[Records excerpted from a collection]
========================
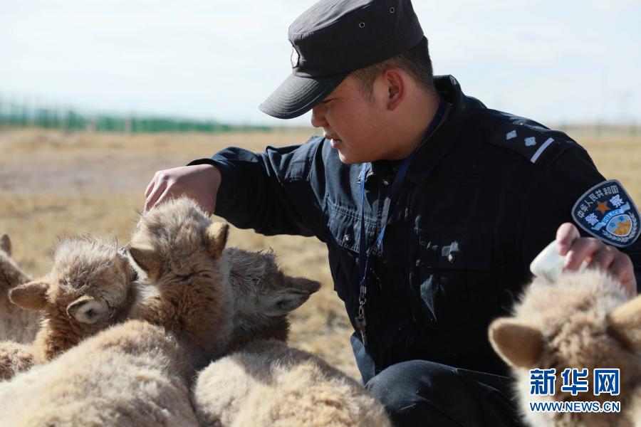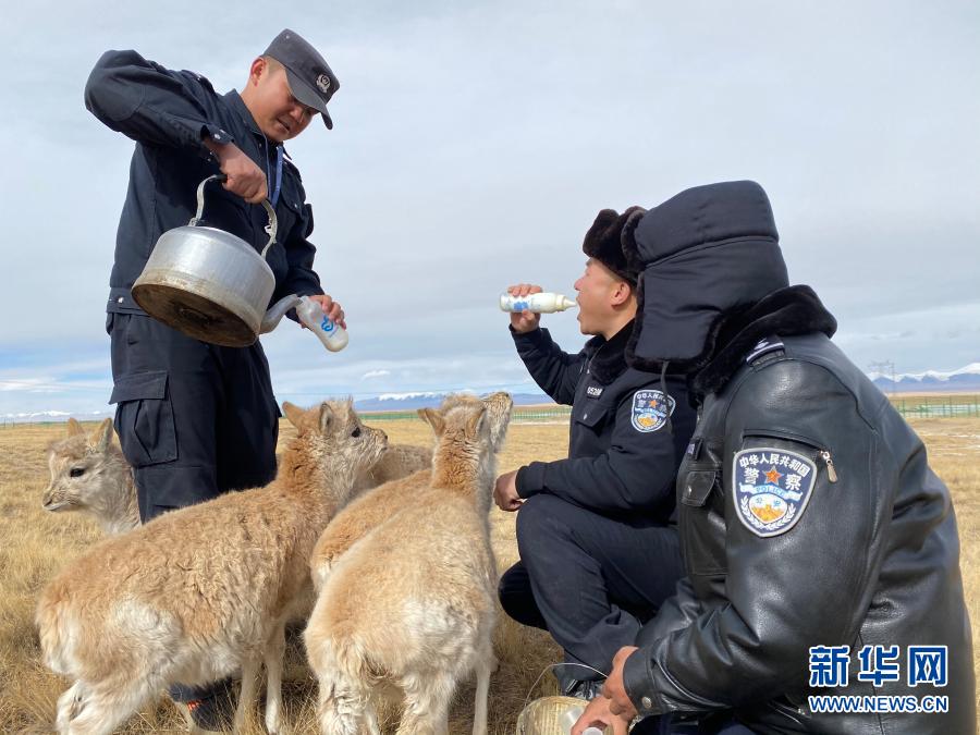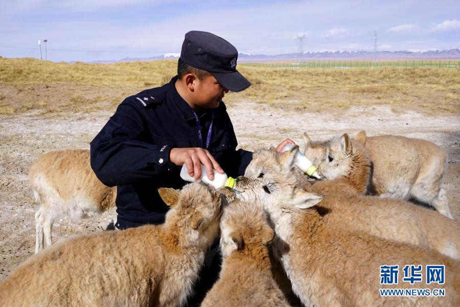 可可西里巡山隊員鄧海平給藏羚羊幼仔喂奶(12月6日攝)。新華社記者 藍翔 攝
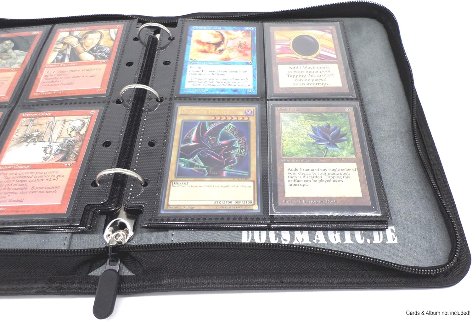Dimensioni: ca. 196 x 157 mm Le tasche da 67 x 93 mm possono contenere carte fino a dimensioni standard (63,5 x 88 mm) in maniche (larghezza massima 65 mm), come Pokemon, Magic: The Gathering, Yu-Gi-Oh! e molti altri sport e carte collezionabili, quattro tasche sul davanti e sul retro ciascuna; Qualità premium: spessore 100 micron con 5 fori adatti ai mini album Docsmagic.de e ad alcuni di altri marchi 25 pagine nere in polipropilene (PP) privo di acidi
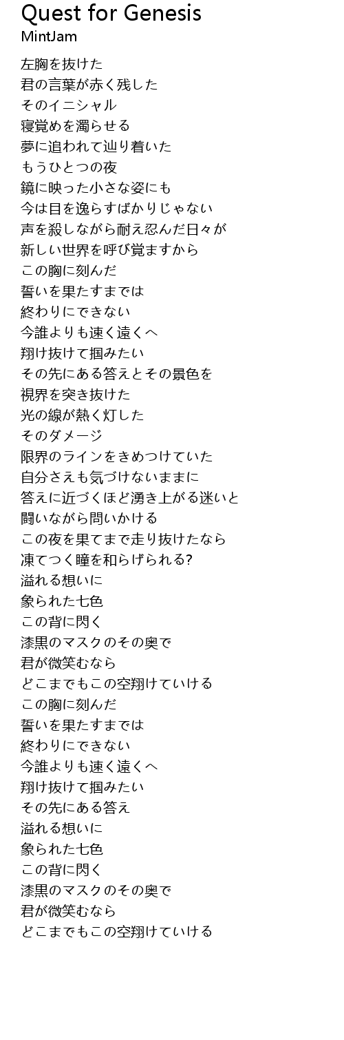 | Song | Quest for Genesis |
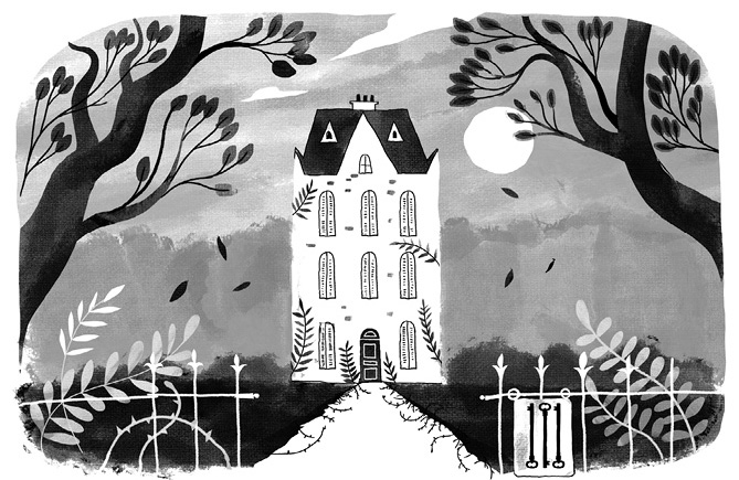 Мы добежали до железных ворот, которые вели в сад. В глубине виднелось большое строение в три этажа с множеством окон, тот самый дом дяди Эсташа. Я и забыл, что он такой высокий, почти замок! Мой внутренний исследователь подпрыгнул от радости. Изрядная часть фасада скрывалась за диким виноградом. Ко входу надо было пробираться через высокую траву и заросли ежевики. Можно подумать, природа захватила это место и обороняется от возможных захватчиков.
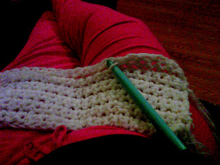 Started working on the blanket. Because I'm using a 3 strand mix of yarn and a bog hook its working up fast.
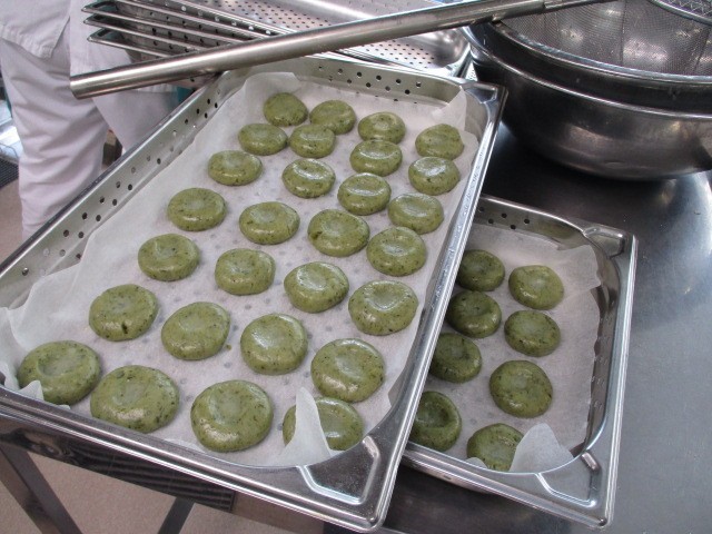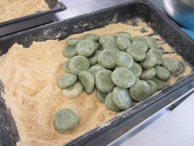 今日は、きれいな緑色の「よもぎだんご」に、香ばしい「きなこ」をたっぷりまぶしました。
========================
Retype only the lines that run from the first line of the entries above to the line containing "for Genesis |", both included. Do not carry over any pictures.

Response to this exercise:
 可可西里巡山隊員鄧海平給藏羚羊幼仔喂奶(12月6日攝)。新華社記者 藍翔 攝
Dimensioni: ca. 196 x 157 mm Le tasche da 67 x 93 mm possono contenere carte fino a dimensioni standard (63,5 x 88 mm) in maniche (larghezza massima 65 mm), come Pokemon, Magic: The Gathering, Yu-Gi-Oh! e molti altri sport e carte collezionabili, quattro tasche sul davanti e sul retro ciascuna; Qualità premium: spessore 100 micron con 5 fori adatti ai mini album Docsmagic.de e ad alcuni di altri marchi 25 pagine nere in polipropilene (PP) privo di acidi
 | Song | Quest for Genesis |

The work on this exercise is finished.